Thursday, November 13, 2008

Holistic Scoring Rubric

I elected not to include the following information on the new version of my web site, as it has probably been updated in recent times, and I do not do too much with GED preparation now. However, these guidelines are sound ones very similar to those used for the SAT and ACT exams, too. I hope you find them useful!

GED Scoring Guidelines

These guidelines were supplied to me in the 1990s by an instructor for the then-extant AOL Academic Assistance Center. Jane ( taught GED preparation courses in her community and was a great help as I designed [a GED prep course I used to teach online]. Most standardized essay exams are graded holistically by a small committee according to guidelines like these. I have seen similar ones for statewide exams for middle school and high school,
the CLAST exam, and two community colleges in Florida and California.

The following is quoted from the Scoring Guide section of the GED Teacher's Manual.

Upper-half papers make clear a definite purpose, pursued with varying
degrees of effectiveness. They also have a structure that shows
evidence of some deliberate planning. The writer's control of the
conventions of Standard Written English (spelling, punctuation,
grammar, word choice, and sentence structure) ranges from fairly
reliable at 4 to confident and accomplished at 6.

(6) The SIX PAPER offers sophisticated ideas within an organizational
framework that is clear and appropriate for the topic.
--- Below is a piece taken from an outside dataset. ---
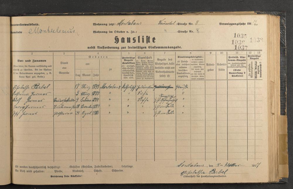 Haushaltsliste 1917/18, Sauertalstraße bis Werbhausgasse sowie Mühlen

The supporting
statements are particularly effective because of their substance,
specificity, or illustrative quality. The writing is vivid and
precise, although it may contain an occasional flaw in the conventions
of Standard Written English.

(5) The FIVE PAPER is clearly organized with effective support for
each of the writer's major points. While the writing offers
substantive ideas, it lacks the fluency found in the 6 paper. Although
there are some errors, the conventions of Standard Written English are
consistently under control.

(4) The FOUR PAPER shows evidence of the writer's organizational plan.
Support, though adequate, tends to be less extensive or effective than
that found in the 5 paper. The writer generally observes the
conventions of Standard Written English. The errors that are present
are not severe enough to interfere significantly with the writer's
main purpose.

Lower-half papers either fail to convey a purpose sufficiently or lack
one entirely. Consequently, their structure ranges from rudimentary at
3, to random at 2, to absent at 1. Control of the conventions of
Standard Written English tends to follow this same gradient.

(3) The THREE PAPER usually shows some evidence of planning, although
the development may be insufficient. The supporting statements may be
limited to a listing or a repetition of ideas. The 3 paper often
demonstrates repeated weaknesses in the conventions of Standard
Written English.

(2) The TWO PAPER is characterized by a marked lack of organization or
inadequate support for ideas. The development may be superficial or
unfocused. Errors in the conventions of Standard Written English may
seriously interfere with the overall effectiveness of this paper.

(1) The ONE PAPER lacks purpose or development. The dominant feature
is the absence of control of structure or the conventions of Standard
Written English. The deficiencies are so severe that the writer's
ideas are difficult or impossible to understand.